Here we go once more…day twelve…enjoy…


[image error]Photo by Gratisography on Pexels.com

DAY TWELVE


Sarah


I slept much better at Cliff’s house than here. Maybe it’s the deserted nature of this place or the feeling that we can’t stay here that is having a knock-on effect. I slept alone tonight. I assume Rebecca slept on the sofa, if she slept at all. She looks drawn this morning, like she has been crying quite a lot. I can empathise with her a bit, except for her it could be worse because she doesn’t know what has happened, at least I have the closure of knowing everyone in my family is dead.


“Would you like some fruit?” I ask, offering her an apple from yesterday.


She shakes her head and gives me a wry smile, “No thanks.”


I sit next to her and put my arm around her small shoulders. We sit in silence like that for a while. If I’ve learnt anything in recent months it is that the world used to be full of far too much noise and now is full of a lot of silence, but sometimes that is exactly what you need.


John


I decide not to intrude when I see Rebecca and Sarah together. Instead I figure I might as well prepare us to leave. In truth there isn’t much here for us to take. A few bits of dried or canned food that are left is about everything in addition to what we brought with us. I imagine Rebecca might like to take some sort of memento, maybe a photo, to help her remember but I don’t think now is the time to be talking about that kind of thing.


I search everywhere I can think of for keys to unlock the garage, through drawers, cupboards and hooks on the walls but keep drawing blanks each time. I decide I have to ask as it seems so important.


“Rebecca? Sorry to interrupt but I wondered if you know where your parents might have left a key for the garage?”


She looks at me like she resents my interruption and answers without really sounding like she is of this place, “Try my Dad’s coat pocket.”


“Thanks.”


Funny how you get to know the foibles of others. In a khaki parka hanging by the front door, there they are.

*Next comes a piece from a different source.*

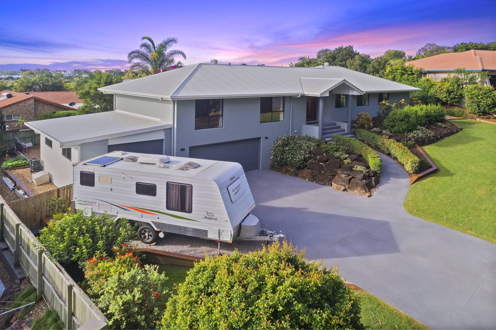 Downstairs, two large vehicles will comfortably call the garage home, there is also loads of storage under the house and a purpose built oversized workshop / garage for the boat or trailer on the left hand side of the property (2.7 metre clearance).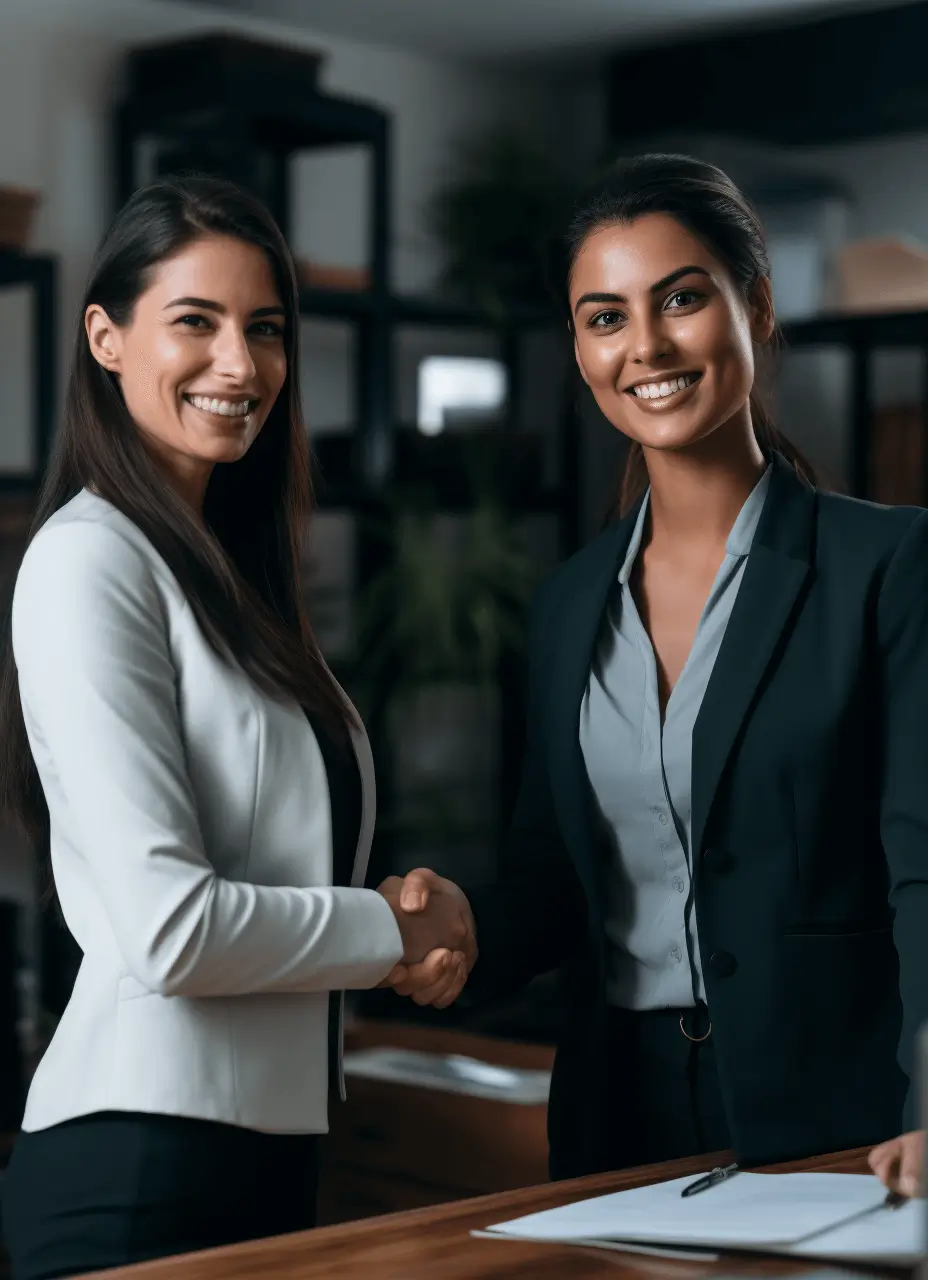 Two businesswomen smiling, shaking hands.

I try to temper my enthusiasm in the hope of finding a car in here. It feels like too much to hope for. When I open the door and lift it up my heart soars because there it is! A red Holden ute. A big smile creeps over my face. A break at last! The smell of oil and grease greets my nose, I’ve always liked the smell of garages.

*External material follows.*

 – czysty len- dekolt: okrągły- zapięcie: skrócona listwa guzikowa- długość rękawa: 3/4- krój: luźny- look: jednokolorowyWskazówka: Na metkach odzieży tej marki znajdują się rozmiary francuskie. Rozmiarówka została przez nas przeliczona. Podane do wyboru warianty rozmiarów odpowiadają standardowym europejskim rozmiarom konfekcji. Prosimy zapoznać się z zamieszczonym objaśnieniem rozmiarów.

“Yes!” I shout, rather loudly, now hoping for a full tank of petrol.


I then notice that something isn’t quite right. It’s partly the smell, and partly the sight. A hosepipe is going into one of the car windows and in amongst the shadows it is now clear that there are two bodies in the car. I stare at the scene for a while, I don’t know what to do.


“No!” Rebecca shouts from behind me.


I turn round and try to block her from seeing anything but it’s too late. She pushes past me to look into the car. I notice the wheelchair is in here. It would be hard to identify them but there seems little doubt that this must be her parents. They are holding hands. United in a death that seemed preferable to whatever life might have befallen. The virus claimed victims even without its own parasitic success.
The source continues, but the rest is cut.